Meg’s yellow eyes turned to glass. She let the howls die down as she smoothed the green silk about her ribs. “Open your purse and find out.”
To a man, even the one she’d bested, they roared. Red Meg drew back with a kind of curtsy, swivelled and sailed away. John James let go the pose, rolled up and hugged his knees. Around him the men howled on.
“Bendy,” he whispered to his kneecaps, and smiled.
DORRIE DREAMS:
Clearly the child is strong. Witness how she clung to the dark mother, her bold, slithering escape. Then there’s the force with which she holds me to this stunted oak, making my feathered body a black mark above her huddled form. True, I’ve flown a few slow loops over the greater scene, but each time she drew me back to her, her pull like the call of a mate, or larger—the call of the roosting place, the flock.
Being crow, I should make my way back to the killing field. I might have to haunt the margins for a time if the humans are still at work. On my last circuit I winged all the way back to the circled wagons. Between here and there, the dog man’s pack hunkered over the dead. They were stripping the bodies, revealing even the blue-white underskins of their feet. One yanked a glitter-string from a female’s wrist. One plucked shimmer-discs from an overskin he’d peeled away. The crow eye sparked and buzzed.
A third sank to his knees as I flapped over his head. He regurgitated heavily into the grass, though there was no sign of him
having partaken of the kill. They tend not to feed on their own kind, or on other predators, come to that. Someone should tell them the flesh of a meat-eater is more storied—veins of every creature it’s run to ground still marbled throughout.
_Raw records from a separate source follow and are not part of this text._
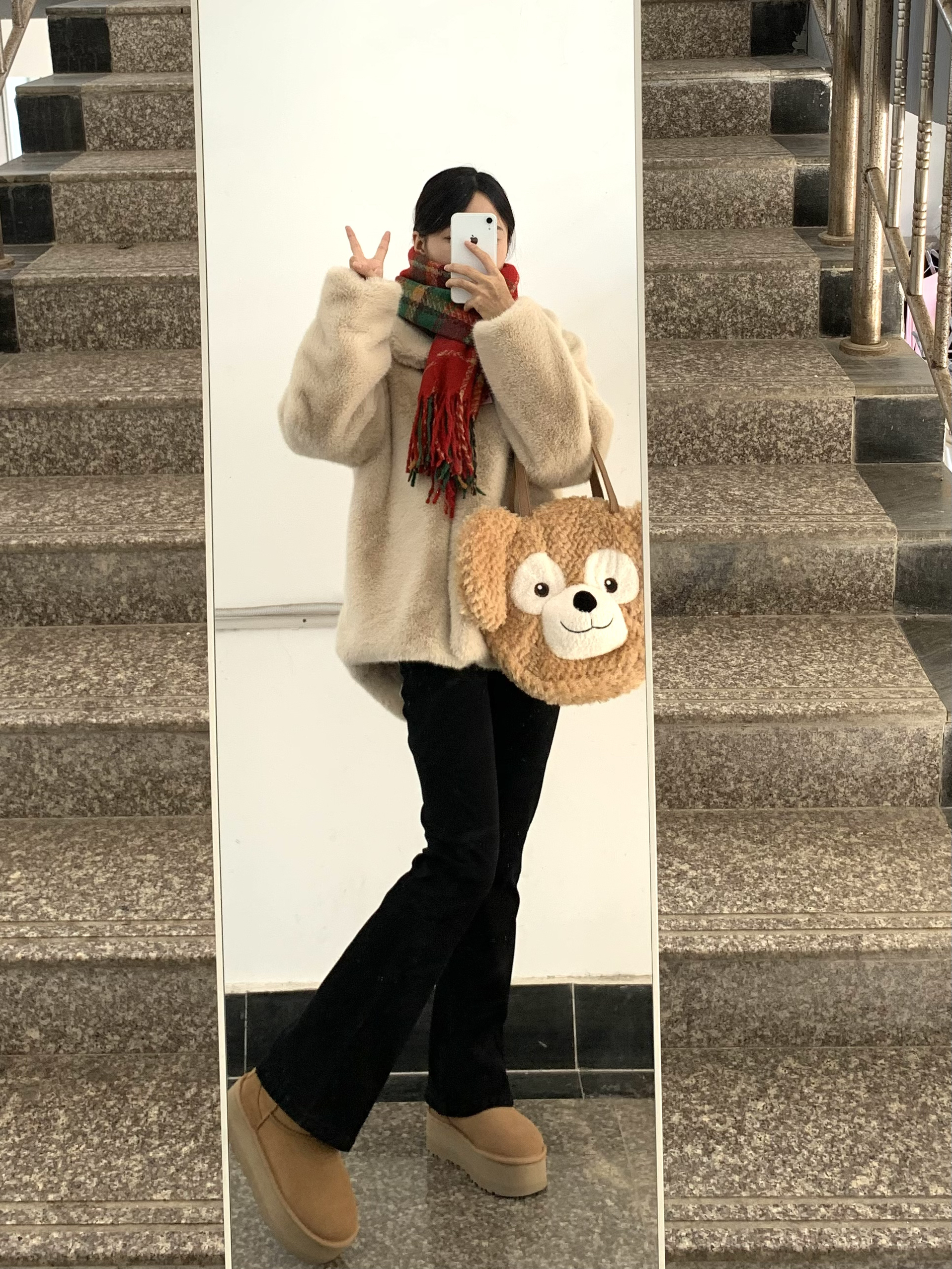 身高|体重:160 88 穿搭风格:日常休闲风 👔 上衣:今天的上衣穿的是一件毛茸茸外套,面料很柔软,特别舒服,整体也很好看,版型特别好!买回来的时候就很惊喜~ 👖 下装:黑色喇叭裤真的很爱~穿上去显得腿又细又直,真的很喜欢穿! 👟 鞋子:搭配的是今年特别火的厚底靴!真的很百搭,搭配裤子裙子都可以~ 🎒配饰:围了一条围巾🧣然后搭配了大脸包,整体一套我真的很喜欢,早八党直接就可以出门!
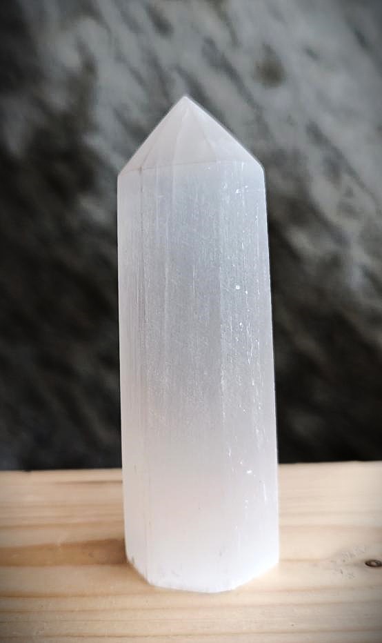 Sélénite taillée en forme de prisme.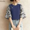 ZANZEA Women Casual Print Splice Short Sleeve Loose V-Neck Blouse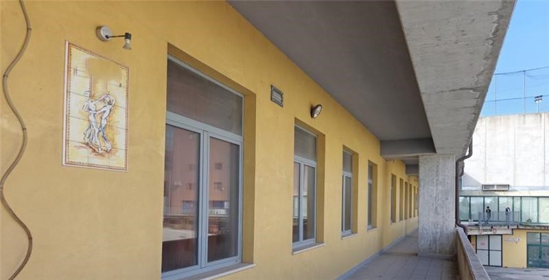 L'interno presenta pareti intonacate e tinteggiate, infissi in alluminio e vetro, porte interne tamburate, controsoffitto fonoassorbente per il passaggio degli impianti, pavimenti in ceramica, servizi igienici.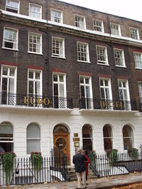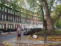 I’m staying in Bloomsbury, in a neighborhood that is probably quiet but is now reverberating with firecrackers because yesterday was Guy Fawkes Day (and it rained, so they must be catching up.) It is still overcast, so my photos are a little dreary. The temperature dropped, too, so I am grateful for my scarf and jacket. This is my hotel:
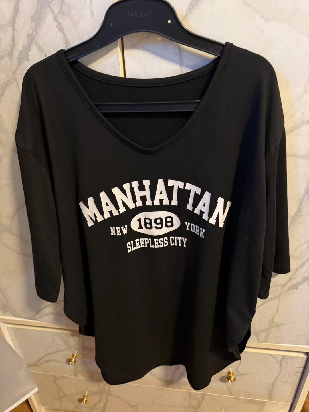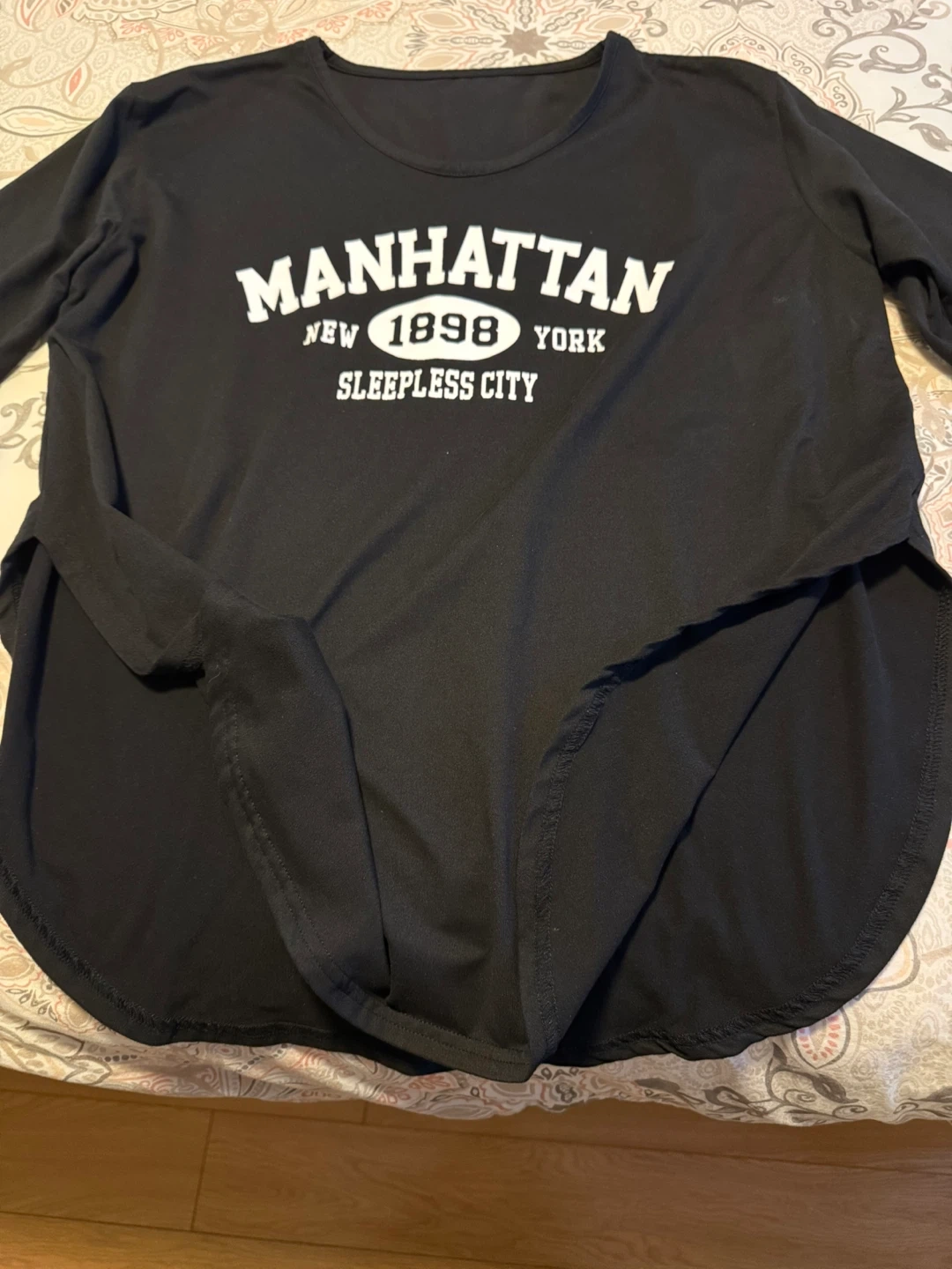 black t-shirt from Dazy features a "Manhattan 1898 Sleepless City" graphic print. It's a size Large with a slit curved hem. Very stretchy and comfortable. Barely worn and in perfect condition.

Some Originals stooped alongside the pack members, others gone to gather up the cattle and horses they ran off into the hills some nights since. How is it the freed beasts don’t know to keep running? They wait only for their hearts to slow, then forget their captors, drop their noses into the green and feed. Herbivores. So often at a loss in the face of the true nature of things.
Such waste, such feast the humans leave behind. Those inner skins exposed to the sun, great softener, great opener of the dead. It remains to be seen how long they will protect their kill, standing over it jealously like wolves. At least the silver ones desire the flesh for their own consumption and, once sated, will often share. When humans kill humans, they cache every scrap, cry bloody murder if any creature dares dig it up.
Were I to alight on one of those bodies, they’d welcome me like a plague. I might manage to hop to its chin, slip the fine tip of my beak beneath an eyelid. I might even pierce the rich salt jelly, but before long one of them would cast the first of many stones. So unjust. They’ll never unearth the cache themselves, so why not let the other blood-lovers feed? Still, eventually night will fall. The humans will build a fire and cower round, or, better yet, beat a hasty retreat back to their lairs.
The pattern of bodies shows the killing was swift. Here and there lie signs of a few short chases, bursts of panicked speed, but most fell not far from where they were surprised. The females and their walking young form a loose flower head, fully blown. Some distance away, the line of fallen men marks the poor bloom’s severed stem. It’s a picture rendered all the more striking
by sprays and welters of blood. To pick a path between the corpses would be to wet my claws, to paint a tail-feather trail.